→ Data items
□ □ □ □

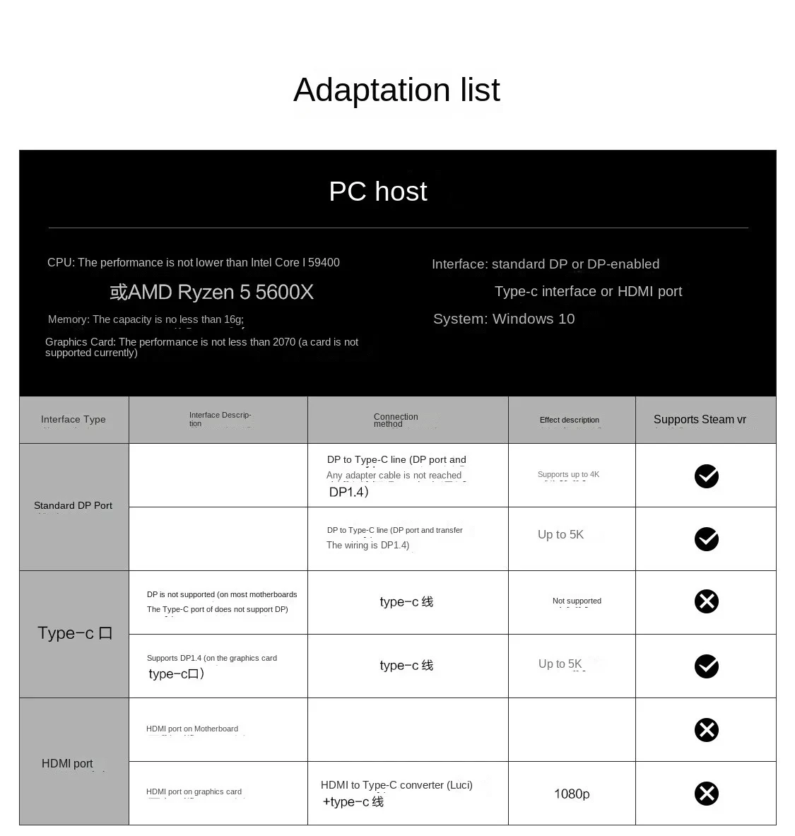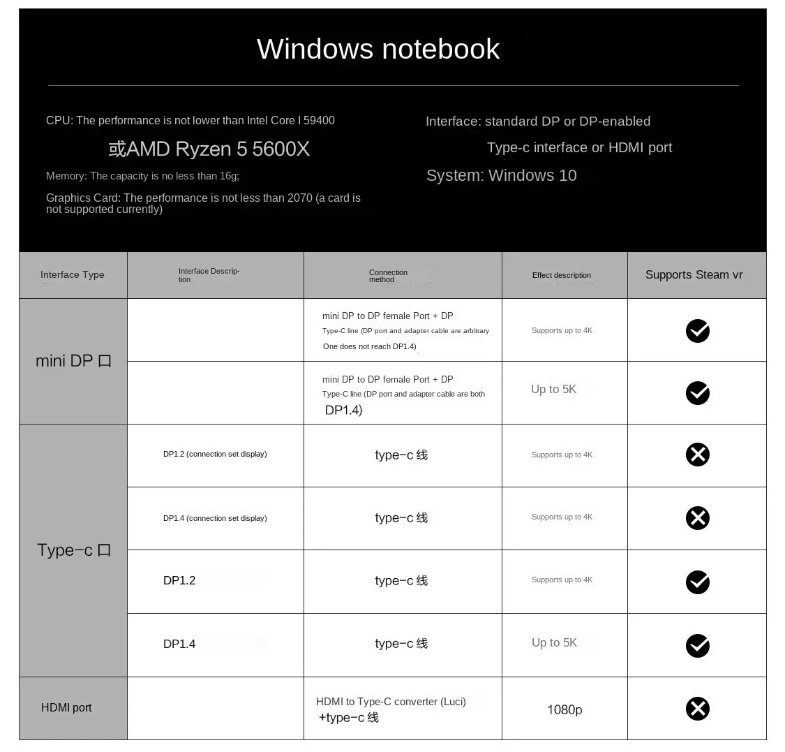 7. Connect computer: The headset is directly connected to the computer through a Type-C cable, which can realize 3DoF freedom, watch various 360° and 180° VR panoramic videos at will, and play various SteamVR 3A heavy games
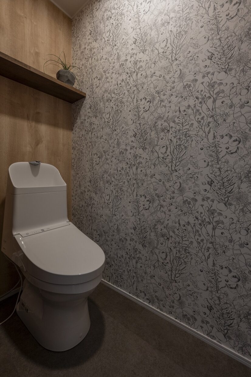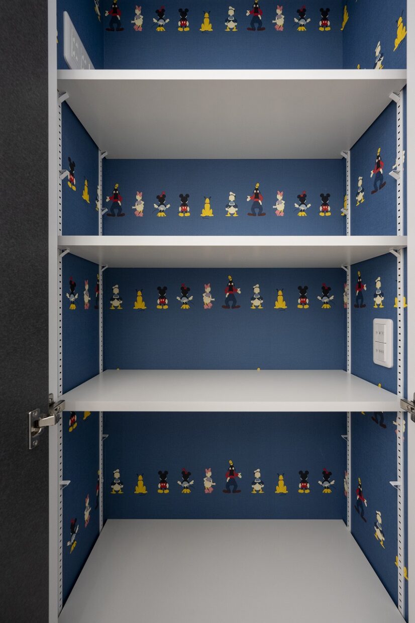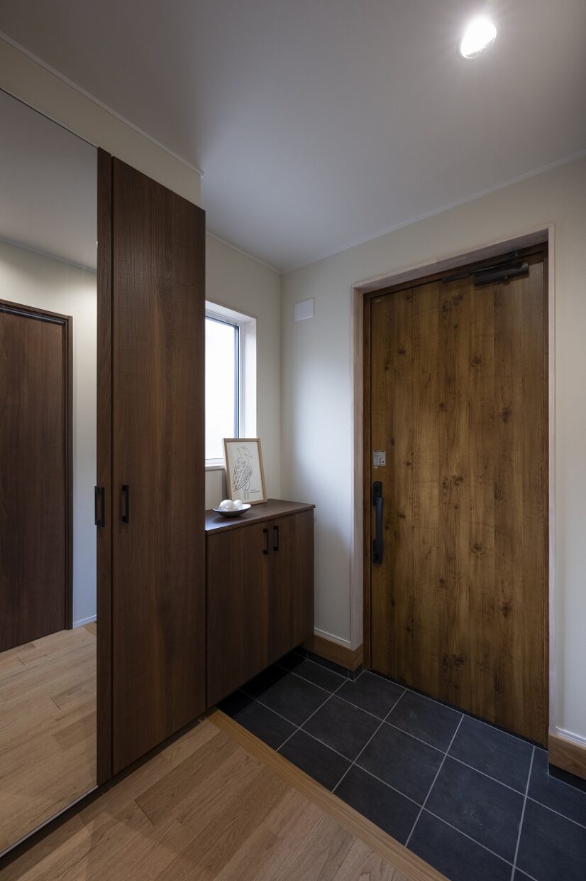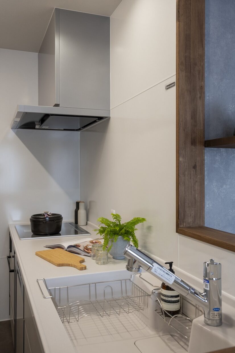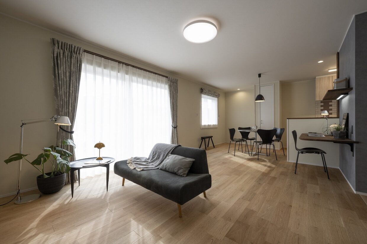 リビングからの視線に入るカップボードは木調、壁面は磁器タイルの装飾
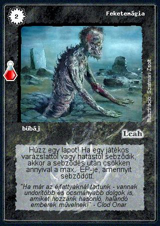 Kiadás: Esthar Császárság Gyakoriság: nem gyakori Lapszín (isten): Leah Típus: bűbáj Szöveg: Húzz egy lapot! Ha egy játékos varázslattól vagy hatástól sebződik, akkor a sebződés után csökken annyival a max. ÉP-je, amennyit sebződött. Szinesítő szöveg: "Ha már az éjfattyaknál tartunk - vannak undorítóbb és ocsmányabb dolgok is, amiket hozzánk hasonló, halandó emberek művelnek!" - Clod Onar Illusztráció: Szatmári Zsolt
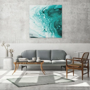 Dzięki dominującym odcieniom turkusu i bieli, dzieło wprowadza do wnętrza uczucie spokoju, a jednocześnie zachwyca swoją artystyczną ekspresją. Idealnie komponuje się w nowoczesnych salonach, biurach oraz innych przestrzeniach, które potrzebują stylowego akcentu. Obraz o wymiarach 70x50 cm jest wykonany na szkle, co dodatkowo podkreśla intensywność kolorów oraz subtelną fakturę powierzchni.
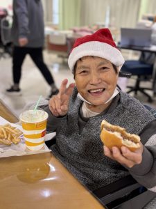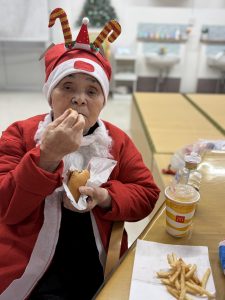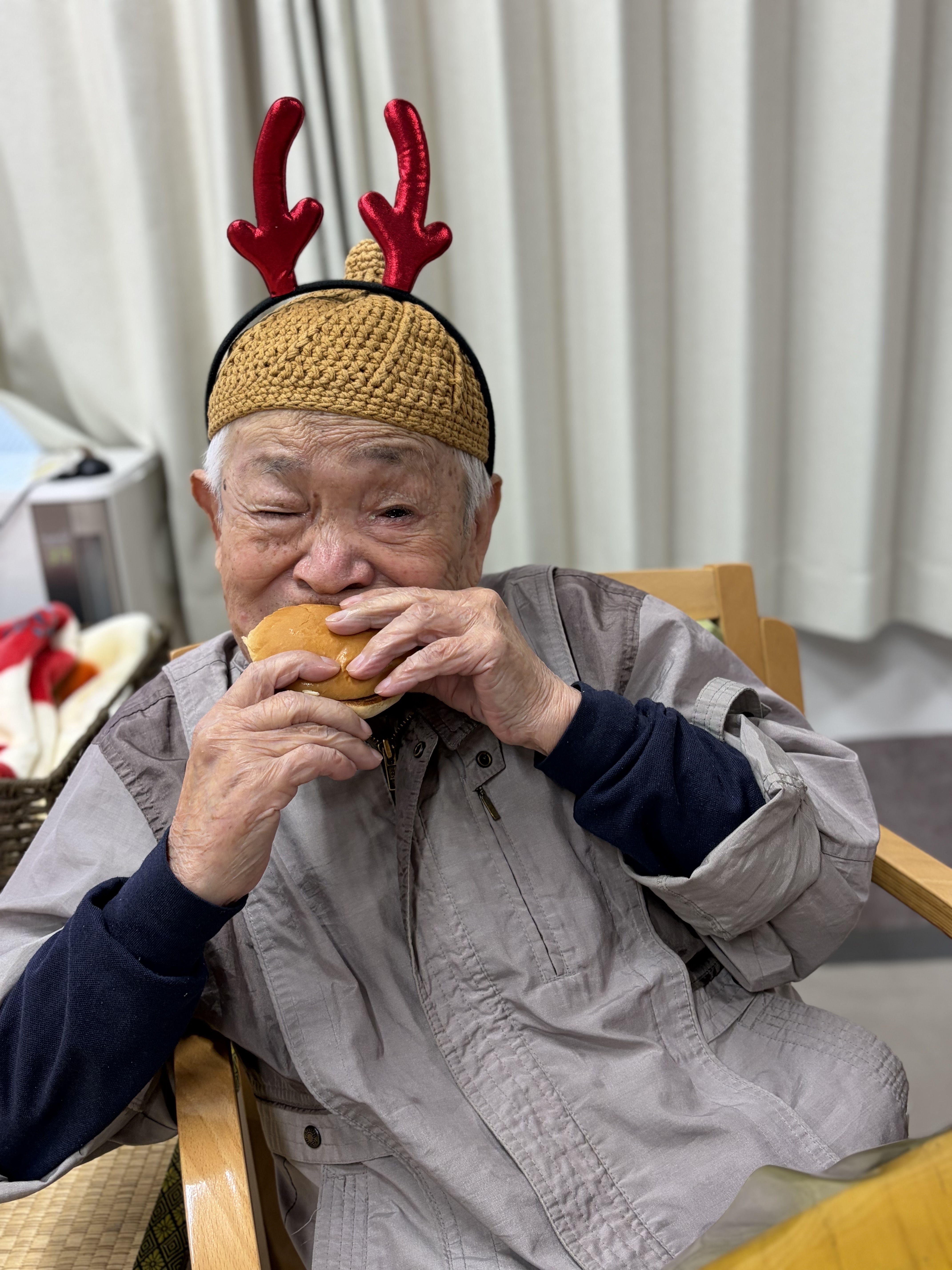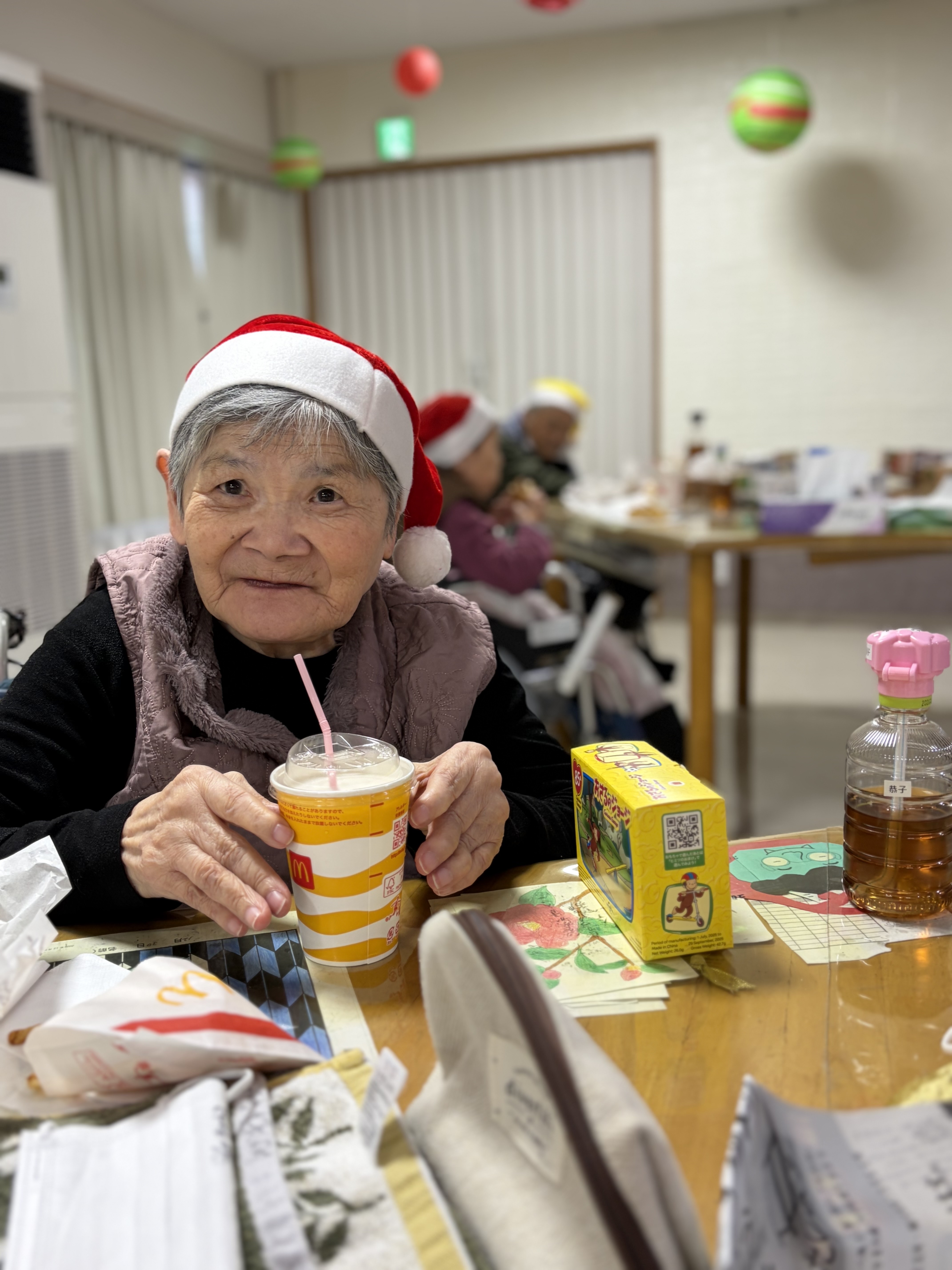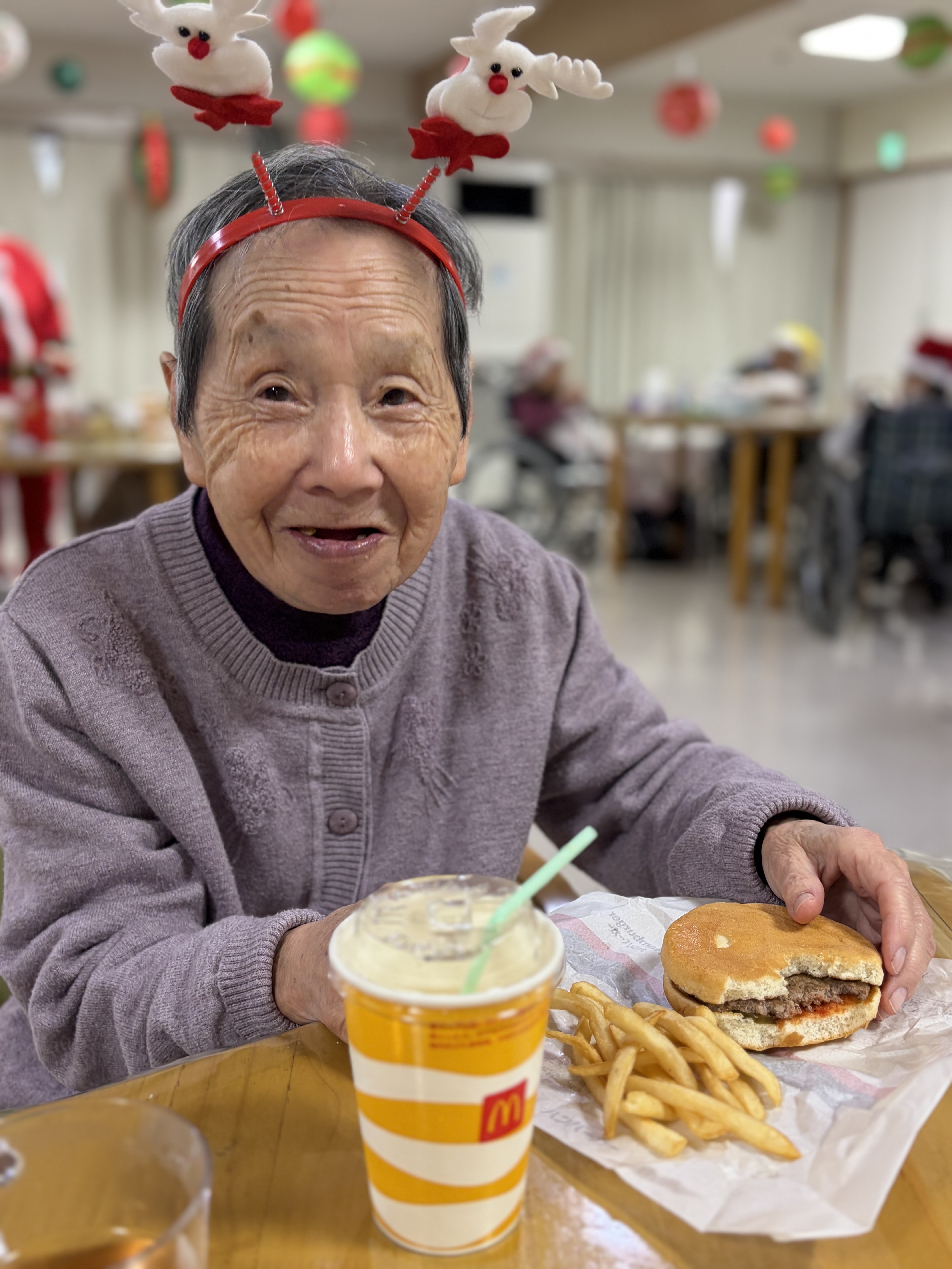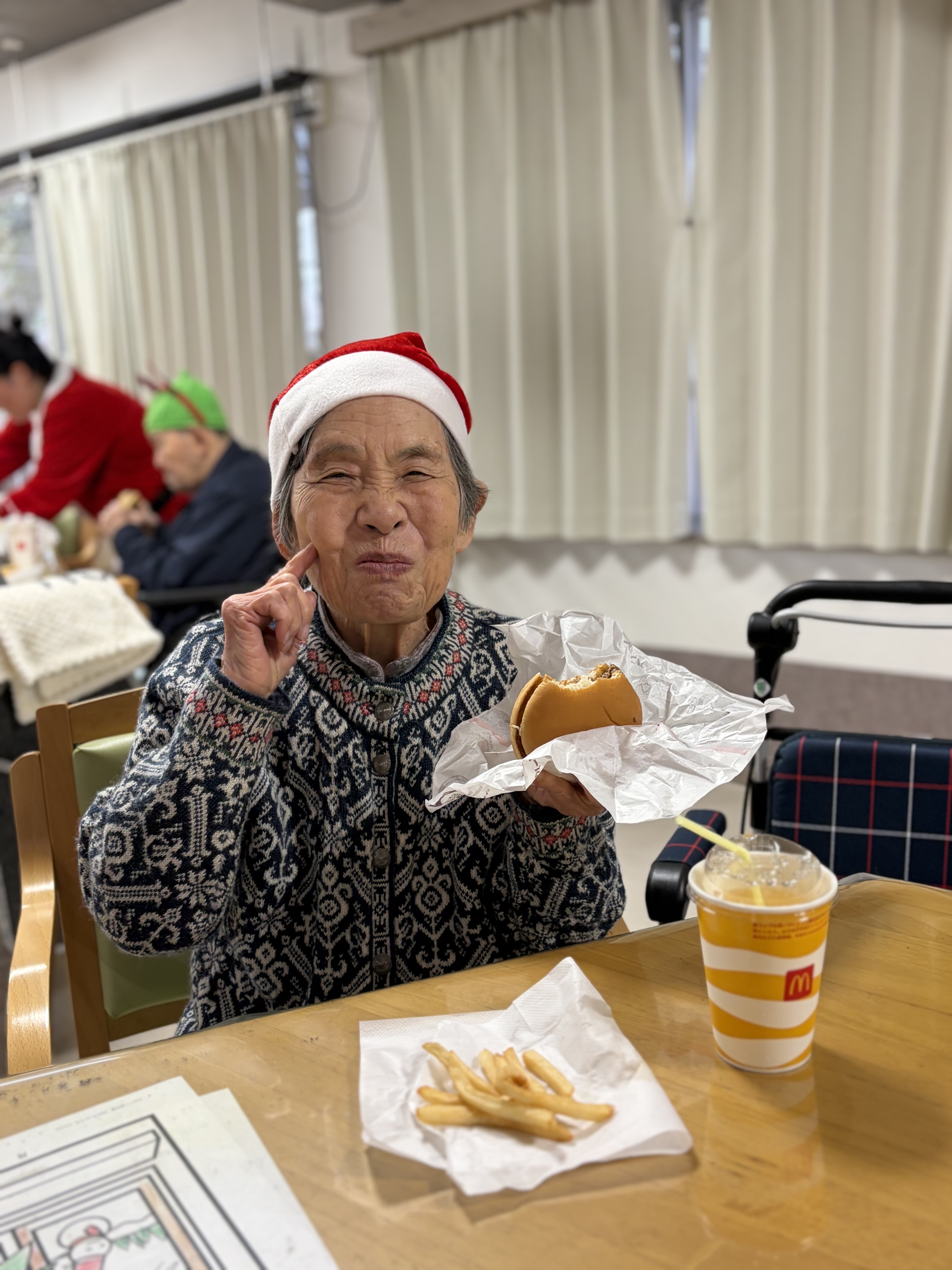 おやつにマック🍔 2025.12.24 カテゴリー:シルバーマンション 施設のすぐ近くにマクドナルドがオープン✨ いつか行きたい いつか食べたいと... 12/24にサンタさんと一緒に 買いにいきました🔔 皆さんの分を注文して テイクアウト 久しぶりに食べる ハンバーガー 美味しい😋 中には初めて 食べた方もおられます まだ食べたい また買ってきてと(*^_^*) 皆さん完食されていましたよ!

□ □ □ □

→ EXERCISE OBJECTIVE
Please set down only the lines from the first line of the records above through the line that has "Kiadás: Esthar Császárság", exactly, and not the pictures.

→ SOLUTION FOR THIS PROBLEM
 7. Connect computer: The headset is directly connected to the computer through a Type-C cable, which can realize 3DoF freedom, watch various 360° and 180° VR panoramic videos at will, and play various SteamVR 3A heavy games
 リビングからの視線に入るカップボードは木調、壁面は磁器タイルの装飾
 Kiadás: Esthar Császárság Gyakoriság: nem gyakori Lapszín (isten): Leah Típus: bűbáj Szöveg: Húzz egy lapot! Ha egy játékos varázslattól vagy hatástól sebződik, akkor a sebződés után csökken annyival a max. ÉP-je, amennyit sebződött. Szinesítő szöveg: "Ha már az éjfattyaknál tartunk - vannak undorítóbb és ocsmányabb dolgok is, amiket hozzánk hasonló, halandó emberek művelnek!" - Clod Onar Illusztráció: Szatmári Zsolt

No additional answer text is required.